* _How to complete this task_: Return the full listing character for character, without its pictures.

* _Given material_:
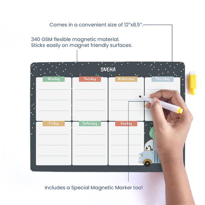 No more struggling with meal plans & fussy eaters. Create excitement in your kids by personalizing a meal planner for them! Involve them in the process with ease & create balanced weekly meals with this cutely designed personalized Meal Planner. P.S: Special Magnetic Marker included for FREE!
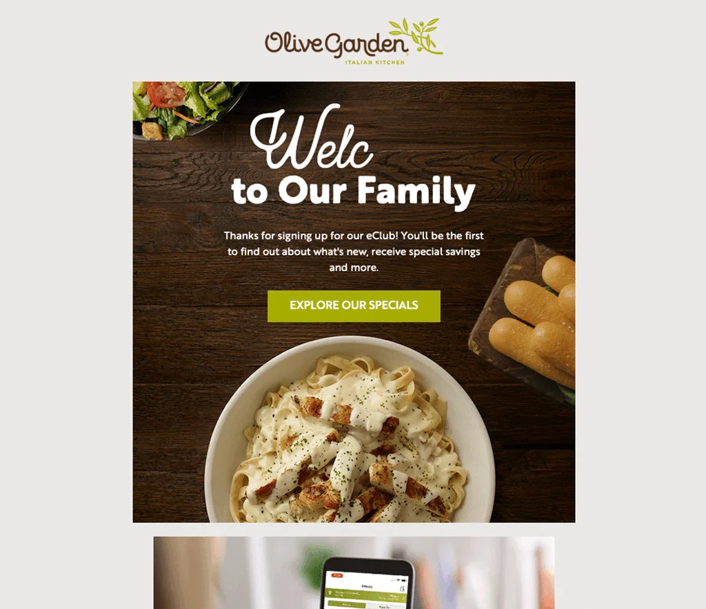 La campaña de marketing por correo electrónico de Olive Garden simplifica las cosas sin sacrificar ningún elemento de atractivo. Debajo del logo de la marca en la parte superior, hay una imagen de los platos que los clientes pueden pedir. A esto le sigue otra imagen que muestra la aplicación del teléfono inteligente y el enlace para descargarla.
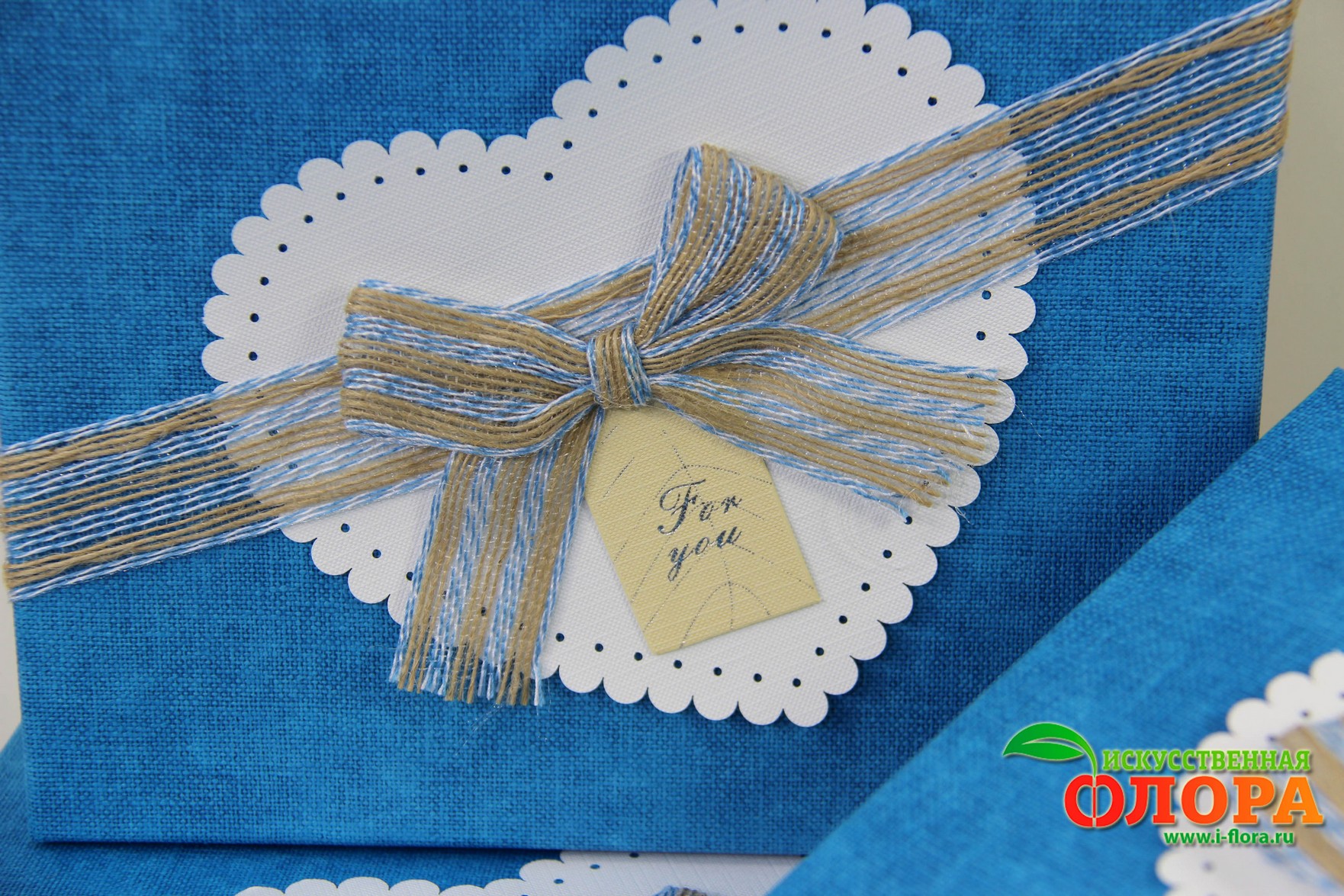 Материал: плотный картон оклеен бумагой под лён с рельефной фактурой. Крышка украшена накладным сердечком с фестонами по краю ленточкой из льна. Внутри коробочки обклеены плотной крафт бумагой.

* _Output below_:
 No more struggling with meal plans & fussy eaters. Create excitement in your kids by personalizing a meal planner for them! Involve them in the process with ease & create balanced weekly meals with this cutely designed personalized Meal Planner. P.S: Special Magnetic Marker included for FREE!
 La campaña de marketing por correo electrónico de Olive Garden simplifica las cosas sin sacrificar ningún elemento de atractivo. Debajo del logo de la marca en la parte superior, hay una imagen de los platos que los clientes pueden pedir. A esto le sigue otra imagen que muestra la aplicación del teléfono inteligente y el enlace para descargarla.
 Материал: плотный картон оклеен бумагой под лён с рельефной фактурой. Крышка украшена накладным сердечком с фестонами по краю ленточкой из льна. Внутри коробочки обклеены плотной крафт бумагой.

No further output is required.